— THE RECORDS —
==================================================

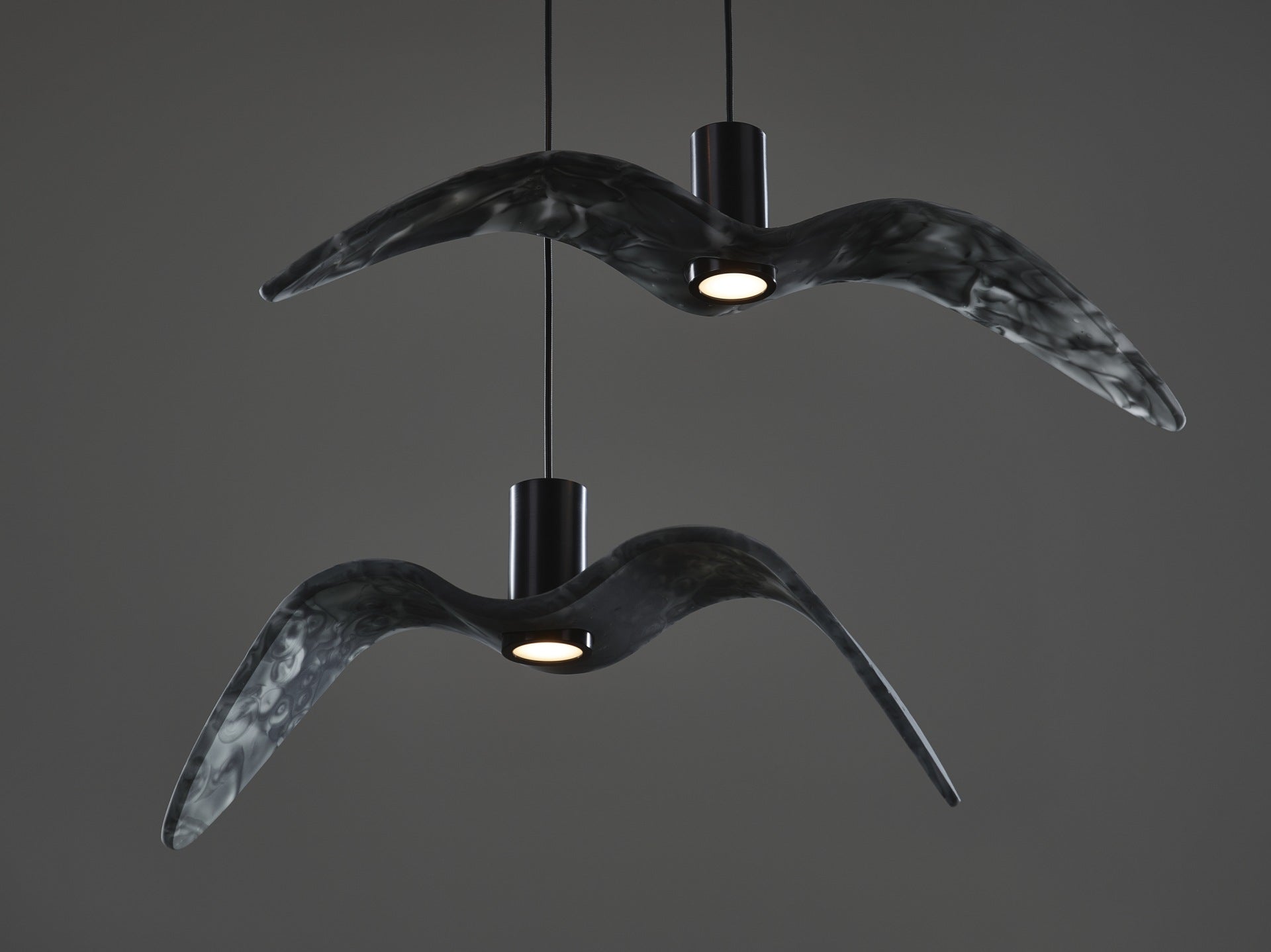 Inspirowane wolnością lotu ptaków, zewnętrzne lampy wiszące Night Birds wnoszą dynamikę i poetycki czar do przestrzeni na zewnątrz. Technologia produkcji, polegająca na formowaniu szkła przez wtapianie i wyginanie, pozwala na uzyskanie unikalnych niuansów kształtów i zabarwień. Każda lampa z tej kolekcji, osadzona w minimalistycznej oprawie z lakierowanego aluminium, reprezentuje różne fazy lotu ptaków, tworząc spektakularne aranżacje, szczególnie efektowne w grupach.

==================================================

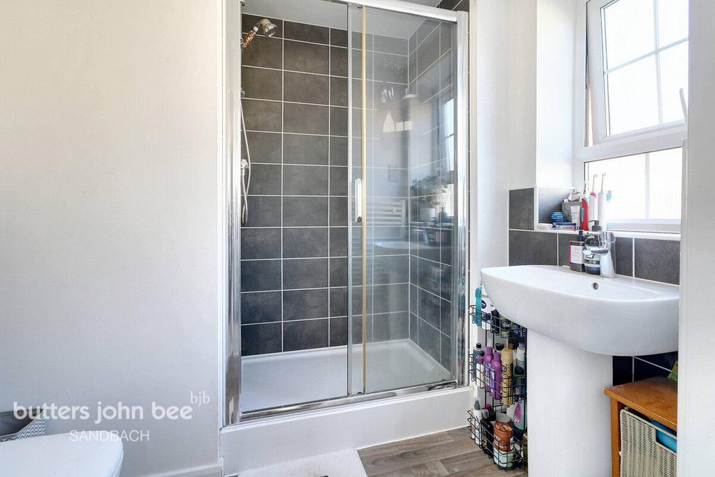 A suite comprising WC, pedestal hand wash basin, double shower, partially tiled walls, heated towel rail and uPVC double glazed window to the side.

==================================================

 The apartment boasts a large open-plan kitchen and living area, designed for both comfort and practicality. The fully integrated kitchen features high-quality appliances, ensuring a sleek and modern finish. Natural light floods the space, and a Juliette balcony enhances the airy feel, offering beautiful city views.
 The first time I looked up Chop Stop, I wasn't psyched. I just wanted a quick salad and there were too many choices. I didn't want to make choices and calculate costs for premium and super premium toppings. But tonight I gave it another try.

==================================================

— TASK DETAILS —
Reproduce exactly the stretch of the material above that starts at the line with "The apartment boasts" and ends at the line with "The first time", both included, and nothing else.

— OUTPUT OF THE EXERCISE —
 The apartment boasts a large open-plan kitchen and living area, designed for both comfort and practicality. The fully integrated kitchen features high-quality appliances, ensuring a sleek and modern finish. Natural light floods the space, and a Juliette balcony enhances the airy feel, offering beautiful city views.
 The first time I looked up Chop Stop, I wasn't psyched. I just wanted a quick salad and there were too many choices. I didn't want to make choices and calculate costs for premium and super premium toppings. But tonight I gave it another try.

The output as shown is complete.